During months of obstacles and treatments, Braggley has remained the steady, reliable horse she first met that snowy night.

And last month, when temperatures finally warmed, he emerged every inch the fat, shiny redhead Farrar hoped for. His skin is thoroughly healed; his coat is sleek and shiny; and his round form has erased all evidence of a rough winter.

His renewal and positive attitude toward lessons has underscored Farrar’s long-held belief in Thoroughbreds.

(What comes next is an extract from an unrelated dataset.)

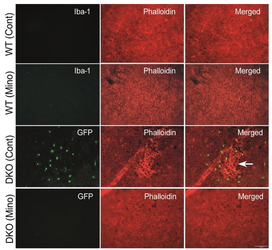 We further investigated RPE structure in flatmount examination following phalloidin (and Iba-1 in WT mice) staining. No RPE dysmorphia was observed in the vehicle and minocycline treated WT mice (Figure 9), and Iba-1+ cells were rarely detected. Vehicle-treated DKO mice displayed patches of RPE dysmorphia accompanied by infiltrating GFP+ microglial cells, which was not observed in minocycline-treated DKO mice (Figure 9).

“One of the number one lessons I learned with Thoroughbreds is that in order for them to believe, I have to believe,” she says. Together, the pair has put the rough winter behind them and is heading toward a future filled with trail rides and lessons over beginner jumps and Training 1 Dressage.

 

4 responses to “Bragsforwardmotion shines through winter ills”

  1. Louise Ferro Martin

    Another wonderful story!! Hopefully people will begin to realize what a magnificent and kind animal the thoroughbred horse is. This story is living proof. Congratulations to Mer and Braggley. He is a beautiful horse!! Thank you Susan 🙂

  2. Ashley

    Yay Braggley & Mer! Bragg is such an honest, wonderful, and eager horse. I’m so glad they found each other! <3

  3. Kate

    Mer and Braggley are so zen together, I love it. Compared to when she first got him, he looks like a million bucks (Susan did she send you a photo? He looked so sad and uncomfortable when she found him).